SHIFT+1     Main Panel
SHIFT+2     Stand-alone Radio Stack
SHIFT+4     Collective/Throttles
SHIFT+5     Overhead Panel Left/Right
SHIFT+6     Whiskey Compass
SHIFT+7     Attitude/HSI Magnified
SHIFT+8     Pedastal (Center Console)
SHIFT+9     Cockpit CLICK-MAP

Click On AP MODE SELECTOR     Autopilot and AutoHover Panel

The Cockpit Click-Map can also be used to bring up a magnified set of Engine Gauges as well as most other panels.

Main Panel This panel features most of the important in-flight gauges as well as the engine and electrical gauges. This panel also contains many clickable icons below the HSI that are useful for quickly accessing other panels.

Radio Stack Available as a stand-alone panel, or part of the Pedalstal, this set of communications equipment contains your COM, NAV, ADF, and Transponder Radio Equipment.

GPS This is the default Garmin 500 GPS included with Microsoft Flight Simulator 2004. For more information visit the Flight Simulator Learning Center.

Collective The collective on the Hovercontrol 412 contains many important functions. Most importantly your throttle grips can be found on this panel. In addition, important start-up functions such as the starter and idlestop switches are located here. Engine Governer Trim, Landing/Search Lights, and Emergency Float switches as well.

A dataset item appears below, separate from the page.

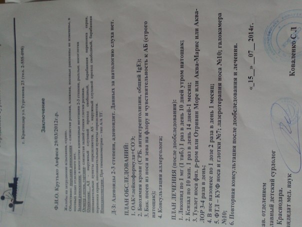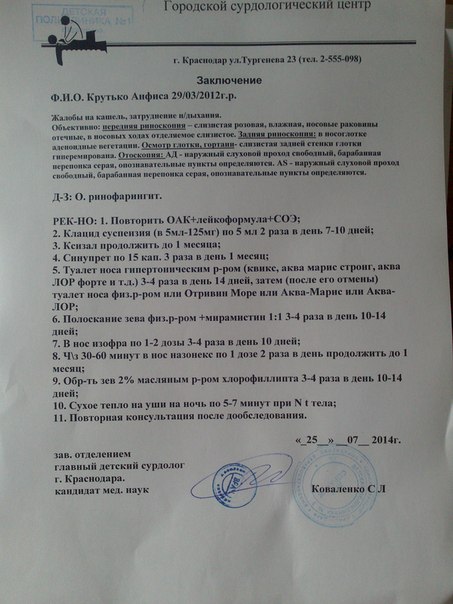 В тот момент был храп во сне, что-то с носом, но соплей не было. До сдачи анализов начались сопли. В день сдачи уже зеленые. Начала лечение назонексом, ксизалом только в день сдачи анализа. Активно промывая сопли стали светлыми, назонекс убрала на дня три из-за того, что их нельзя с бактериальной инфекцией (И НАЧАЛОСЬ УХУДШЕНИЕ - ЗЕЛЕНЬ ВЕРНУЛАСЬ). Позвонила ЛОРУ, она сказала если нет гнойных выделений НАЗОНЕКС ПРОДОЛЖАТЬ, тут же его вернула, подключила изофру (НИ РАЗУ не пользовались местными антибиотиками, только в мес 4 во время отита пили антибиотик), резко стало лучше. Сегодня поехали к ЛОРУ. Дз: острый ринофарингит

Overhead This panel contains several important electrical and lighting switches. Your master battery, generators, invertors Position/Anti-Coll Lights, Panel Lights, and Pitot Heaters can be found on this panel.

Whiskey Compass Standard Whiskey compass as found in many default flight simulator aircraft. Useful for various navigation tasks.

Attitude/HSI Blow-Up This will provide you with a slightly magnified view of your primary attitude indicator and HSI systems. Useful for particularly challenging IFR flight operations.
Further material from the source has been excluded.